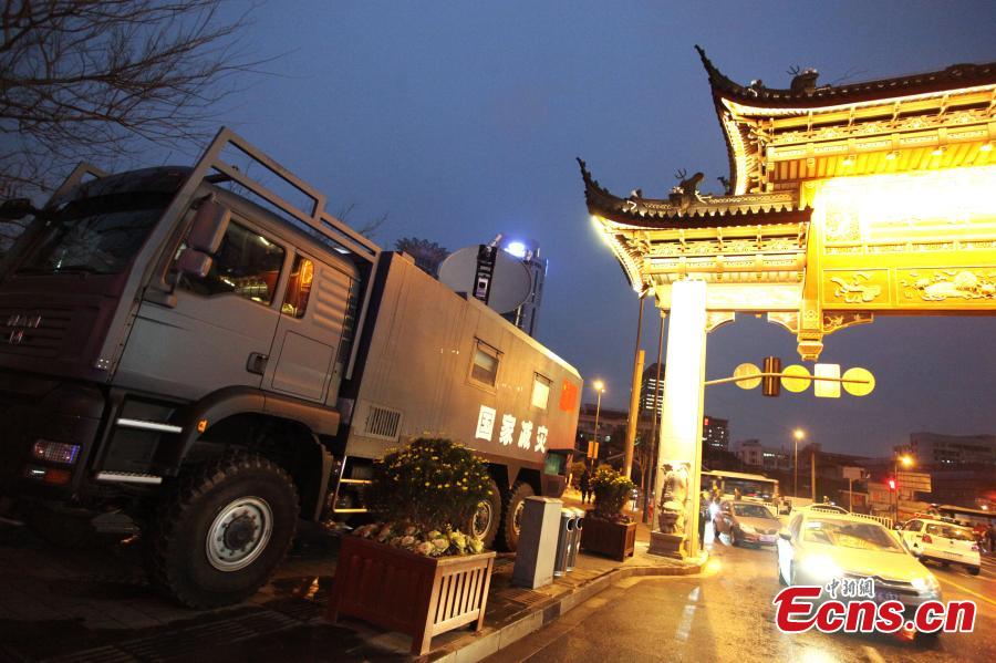 A high-tech vehicle is deployed to supervise visitors' flows near the Yuyuan Garden in Shanghai, March 5, 2015. To ensure the safety of visitors on the Lantern Festival, authorities in Shanghai have strengthened supervision of gatherings near local scenic spots. (Photo/Zhang Hengwei) |
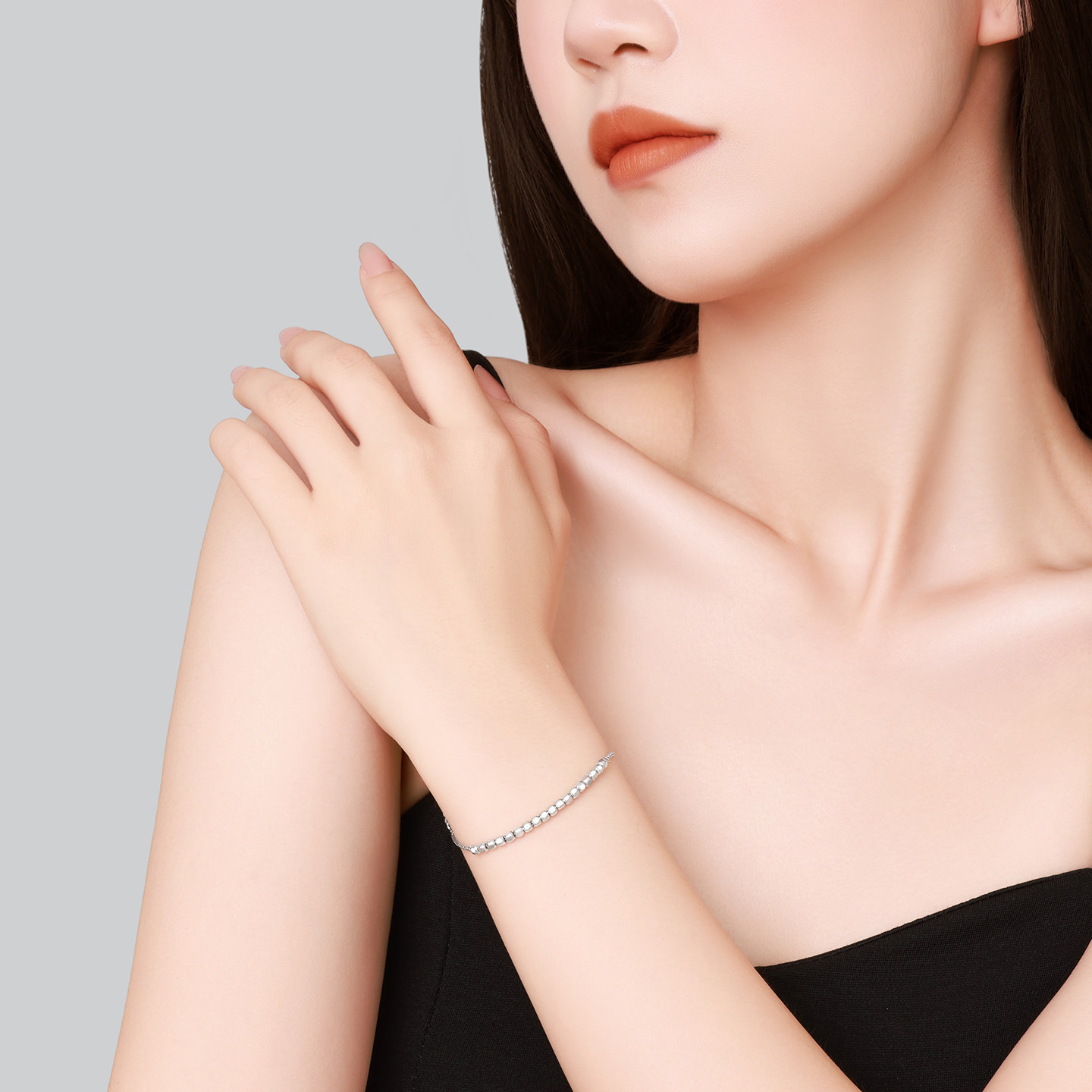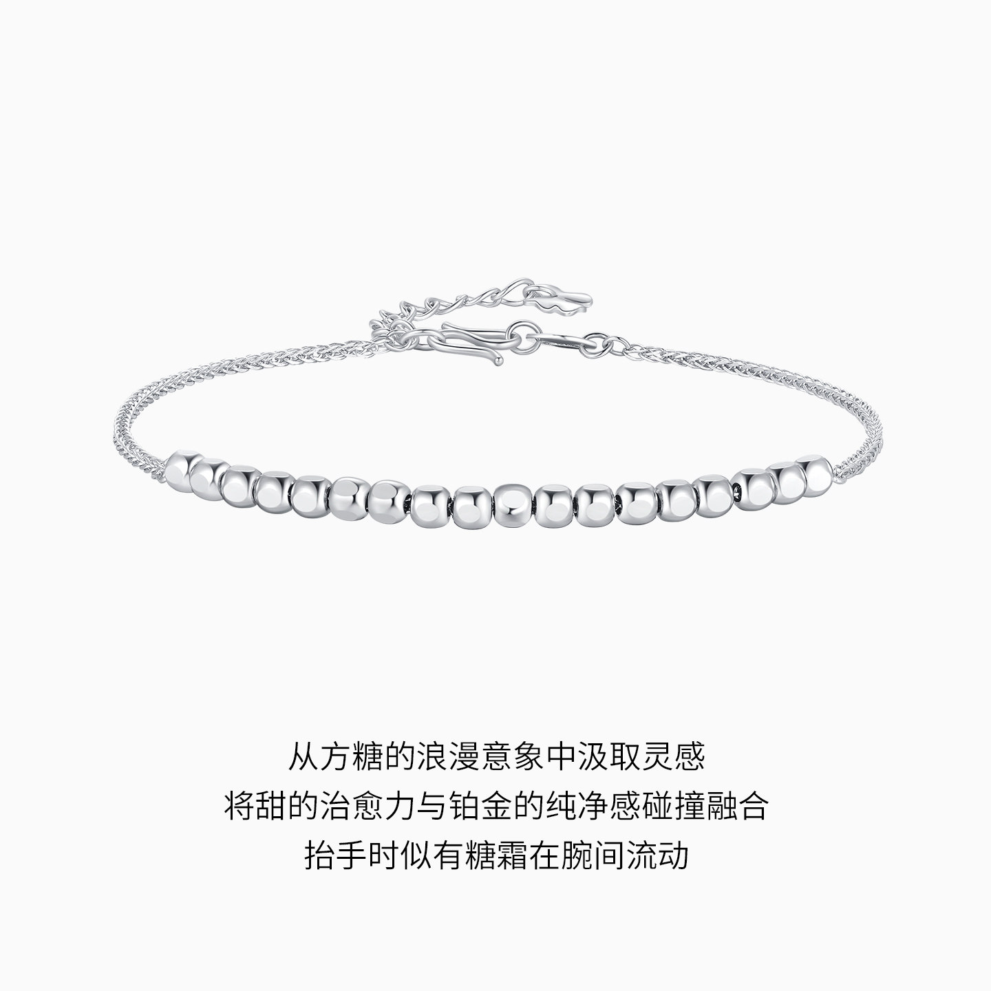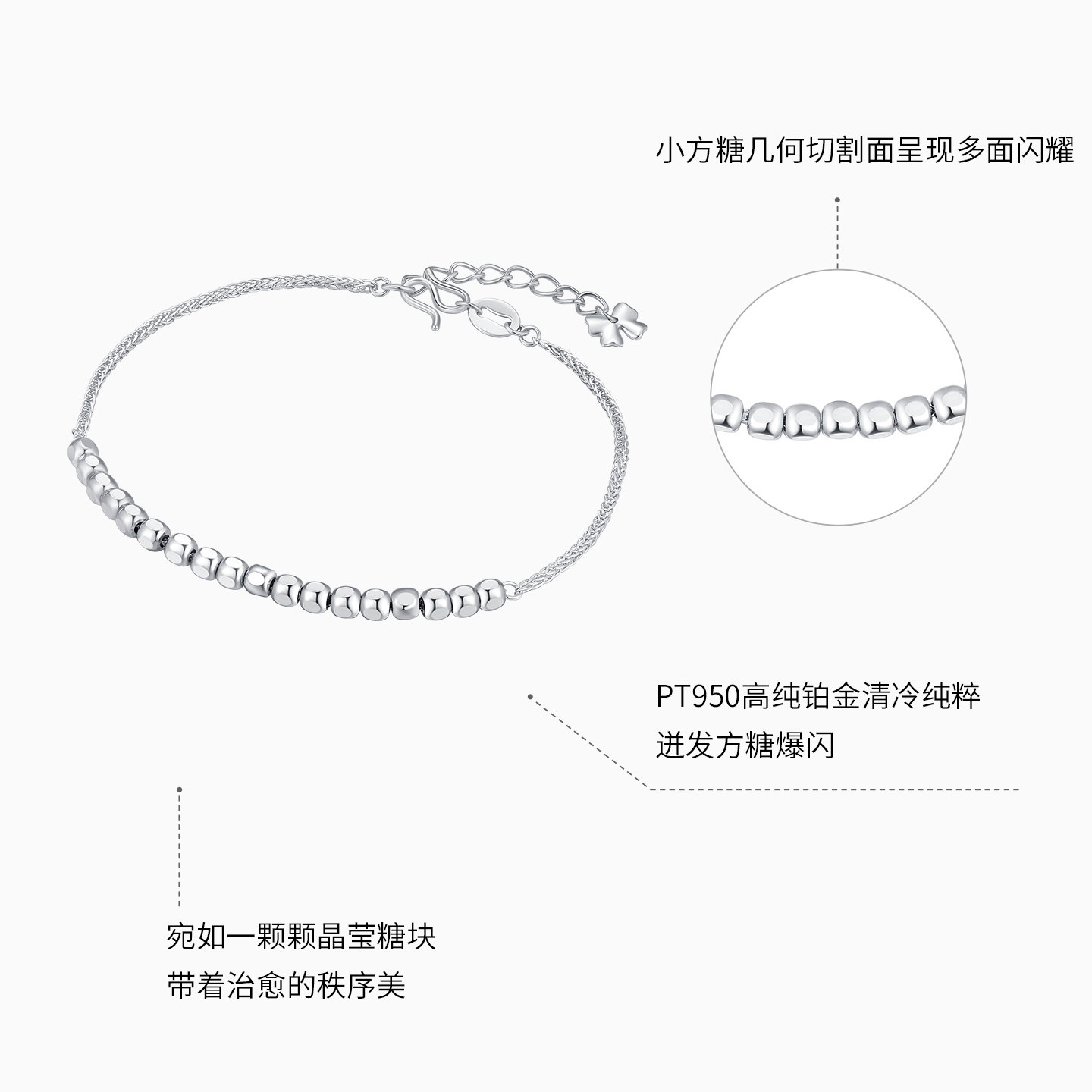 潮宏基爆闪小方糖铂金手链PT950手饰叠戴高级感八方来财生日礼物
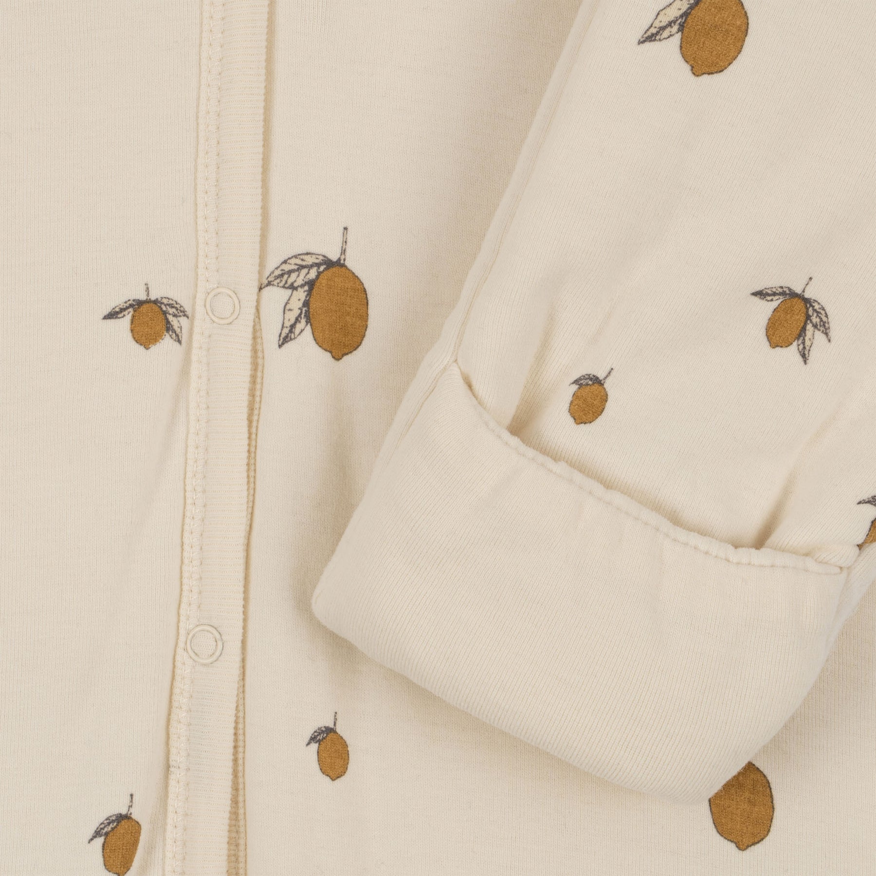 Made in 100% organic cotton with polyester padding. Practical fold-up design on onesies up to size 12 months, designed to keep tiny hands and feet warm. From 18 months and up, the onesies are designed with elasticated sleeves and legs for a flexible fit.

PROBLEM TO WORK ON :: Everything in the material goes into the copy exactly, except the images.

SOLUTION ::
 A high-tech vehicle is deployed to supervise visitors' flows near the Yuyuan Garden in Shanghai, March 5, 2015. To ensure the safety of visitors on the Lantern Festival, authorities in Shanghai have strengthened supervision of gatherings near local scenic spots. (Photo/Zhang Hengwei) |
 潮宏基爆闪小方糖铂金手链PT950手饰叠戴高级感八方来财生日礼物
 Made in 100% organic cotton with polyester padding. Practical fold-up design on onesies up to size 12 months, designed to keep tiny hands and feet warm. From 18 months and up, the onesies are designed with elasticated sleeves and legs for a flexible fit.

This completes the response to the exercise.